Yeah, the trilogy stemmed from Paris Brixton. Paris Brixton is the first 15 minute, 35mm film that I've done. That was based on my co-script writers Neil Spencer's short story called Skylight and that was based on a real life incident where a young woman who lived in an attic had a cat burglar break in one night. He actually stayed and lived with her and had an affair with her and the police busted them both for handling stolen goods. He got put in jail but she didn't.

Neil Spencer wrote a short story about that and we turned that into a short film script. This was back in like, '92. And it was like an half an hour script and that sort of bubbled away for more than five, six years in fact, but in the end I just thought, well I really want to make this, and I'm going to make it. I decided to make it on video, that was going to be Paris Brixton. We changed the name from Skylight because David Hare had a play out at the time called Skylight .

So it was originally a short film from Neil's selection of short stories which were all set in London. When we finished Paris Brixton we decided we actually wanted to write a more, an original script that wasn't based on a short story. And we so we decided to sit down and write what became Sari & Trainers. But before we did that we decided that it would not be a trilogy but a quartet of films. It was going to be North, South, East and West points of London.

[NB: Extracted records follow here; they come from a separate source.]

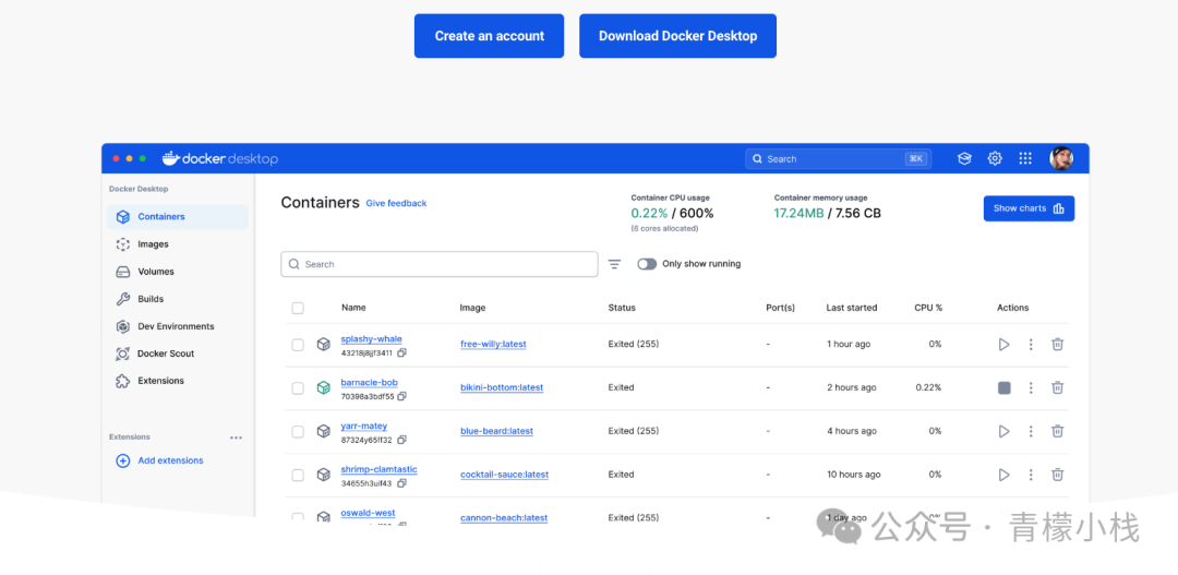 点击 ![]() ![]() 这样我们就进入到了 Docker 服务的主界面中: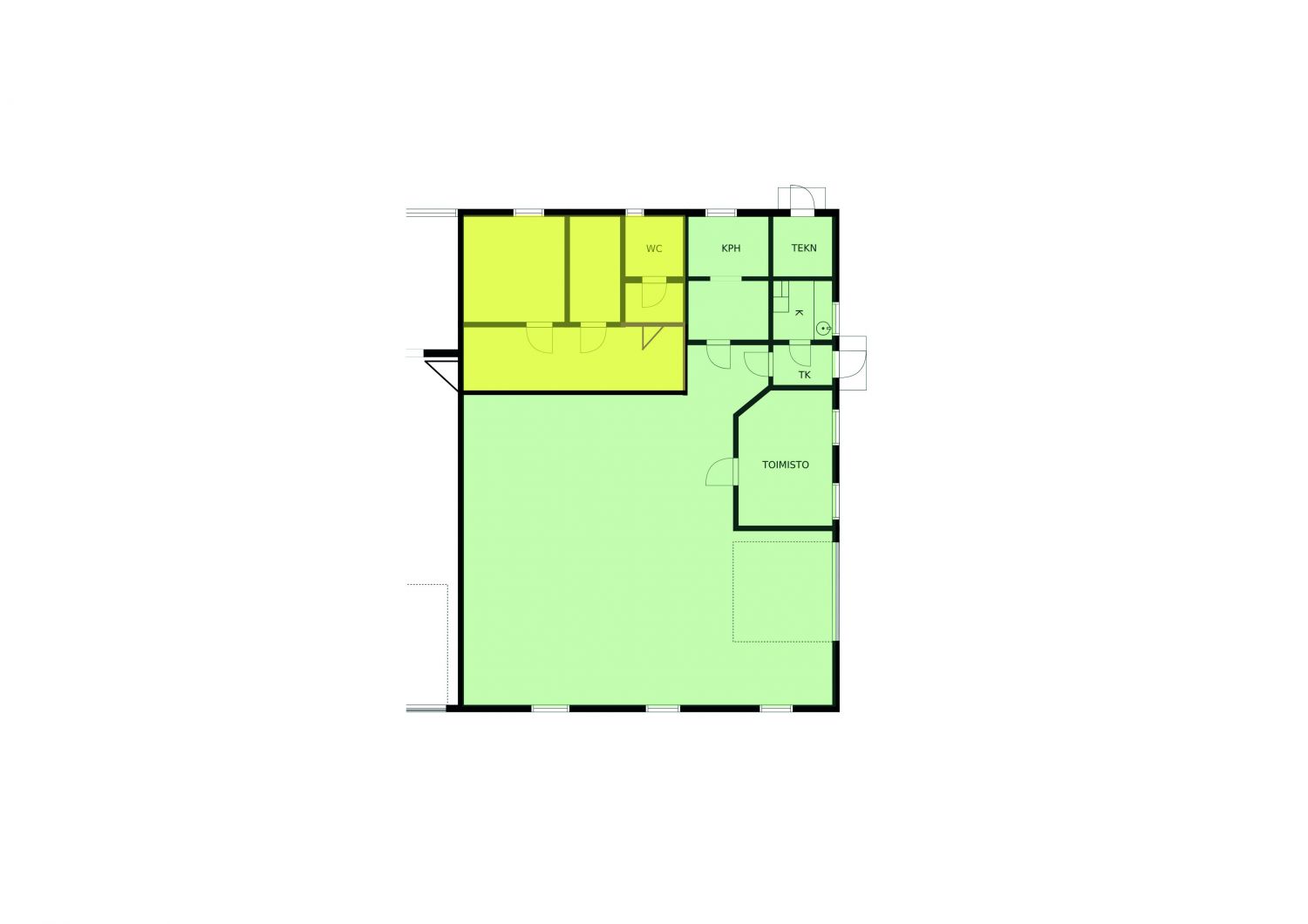 Porvoon Kevätkummussa on vuokrattavana työ- ja varastotila, jonka pinta-ala on 53 m². Tila on merkitty pohjakuvaan keltaisella värillä.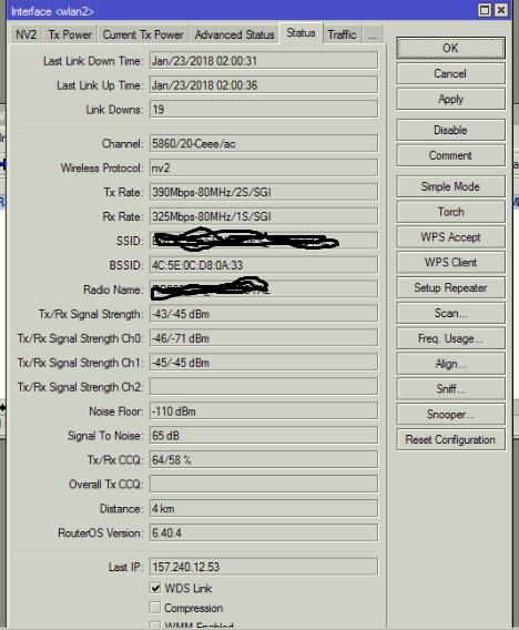 Explico. Desalinhamento reflete em nível de sinal recebido, Obstrução de alguma zona de Fresnel, com excepção da segunda, também. Se observar no nivel RX , ele tem sinal suficiente para um bom enlace. Devido à interferência os pacotes não conseguem ser discriminados e são obrigados a retransmitir. Isso se traslada em aumento de CCQ. O CCQ indica percentual de pacotes que são aceitos na primeira transmissão.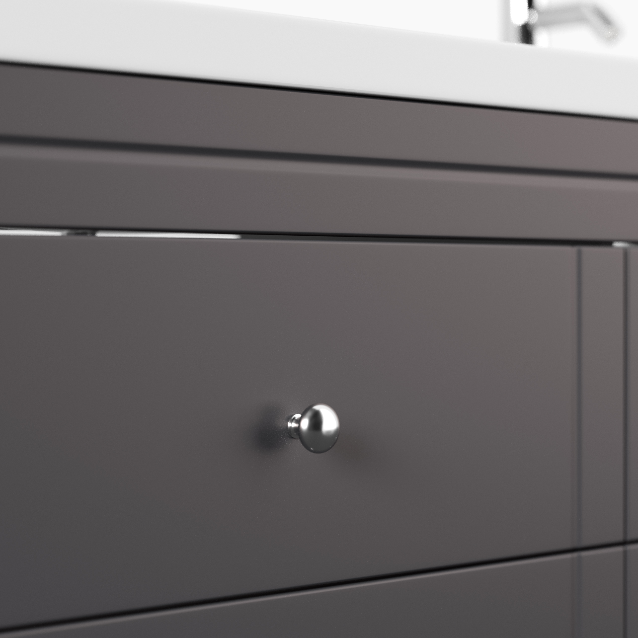 Die Fronten sind mit dekorativen Einfräsungen im Landhausstil ausgestattet. Die Knopfgriffe sind aus Metall verchromt und poliert.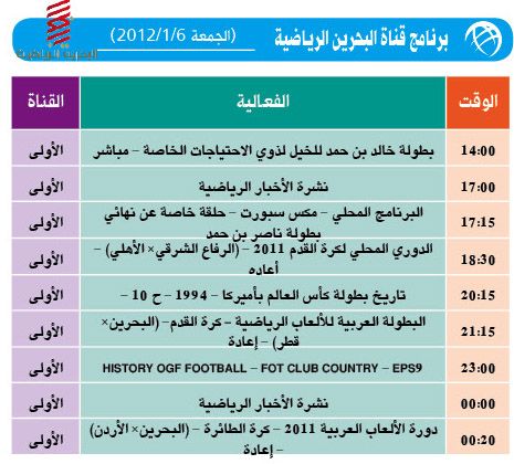 يضع الوسط الرياضي أمامكم برنامج اليوم الرياضي الكامل لقناةالبحرين الرياضية لليوم الجمعة الموافق 6/1.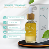 BioLuxus's game-changing innovation: Our exclusive microparticle technology transforms hyaluronic acid into a form that seamlessly blends with premium facial oils. The result? An unprecedented concentration of this moisture-binding powerhouse that activates directly on your skin.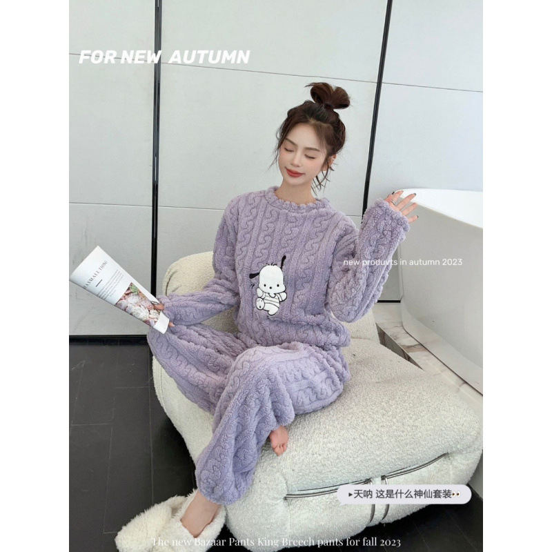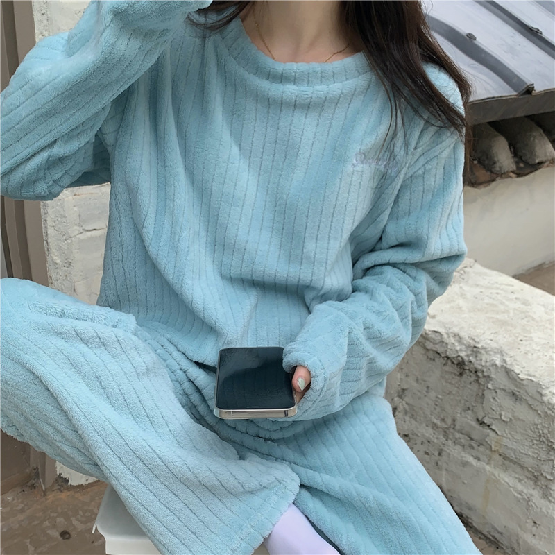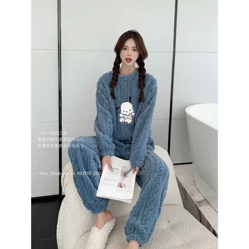 珊瑚绒睡衣女冬天加厚外穿可爱法兰绒家居服时尚宽松长款开衫套装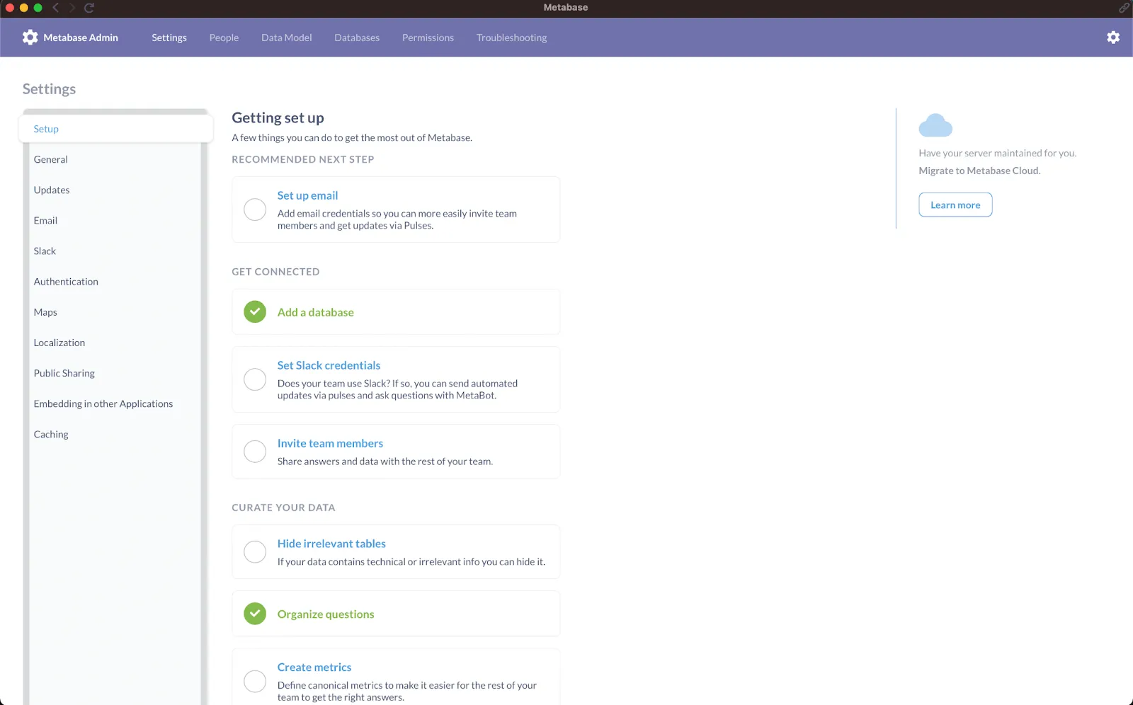 If you are on a Mac, you can download the Metabase app from here. Before downloading, ensure your Mac has enough space. If needed, you can clean Mac to free up laptop storage. After download, launch the app and complete registration for an account and you will see the Metabase dashboard: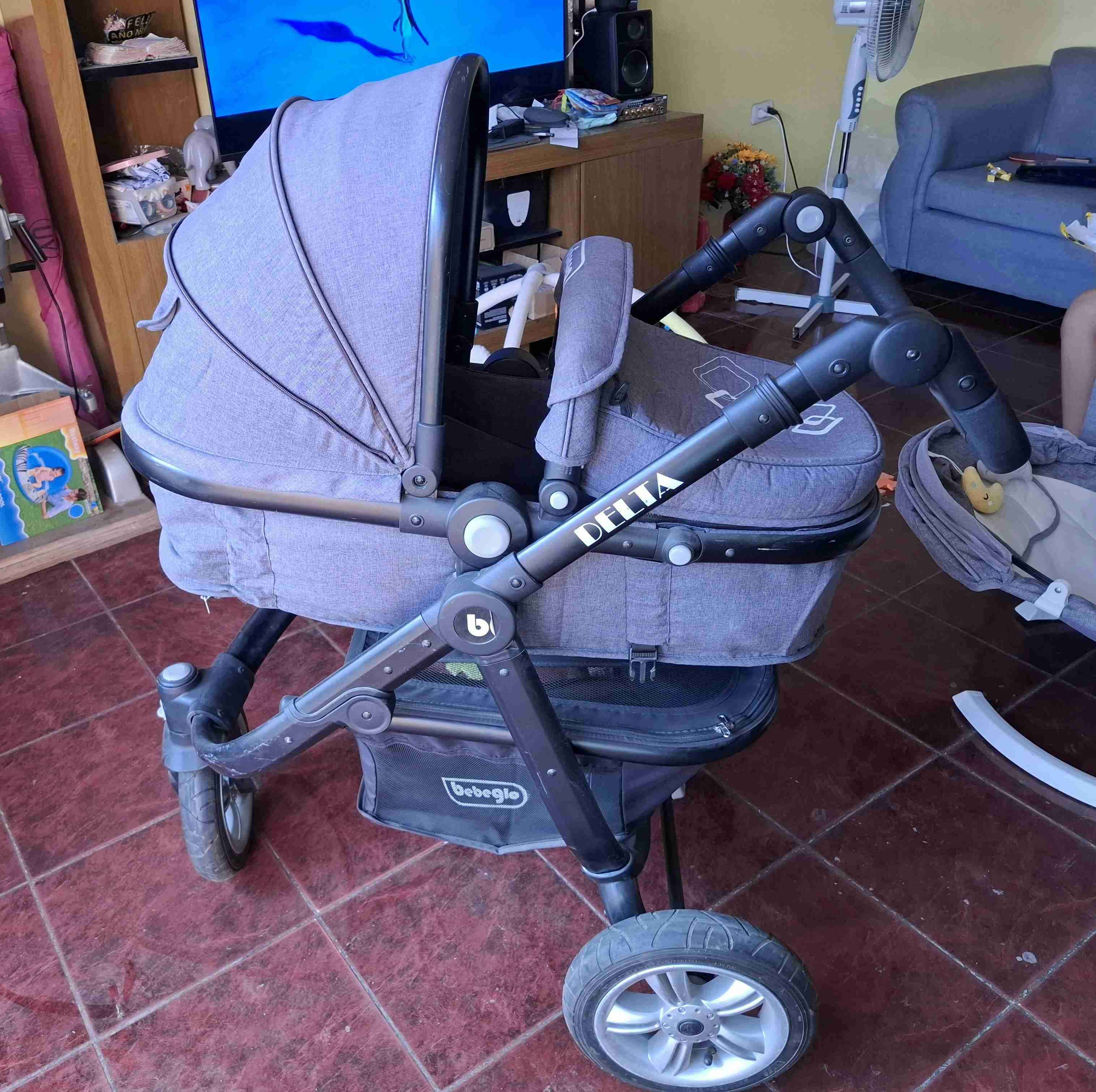 Coche de bebé Bebeglo en buen estado, color gris, con manillar ajustable. Ideal para paseos cómodos y seguros.

Visually I'd say that all of your shorts are very strong. How important is cinematography to you? I mean, how much do you storyboard, how much to you actually plan your shots ahead?
This is the question you want to know? (Laughter) Because we've had this conversation. Anthony storyboards the whole of his shorts which I did to a certain extent on Paris Brixton that was the only one I really storyboarded. I did key frames on it, simply because I was working the DP Jono Smith for the first time and the art director for the first time and it just gives us a chance to have a kind of common knowledge on what we're dealing with. I didn't do every scene and every frame because for fifteen minutes that would be a hell of a lot of work but it was useful as a reference point to talk to the art director and the DP and use that as a blue print to improvise on really.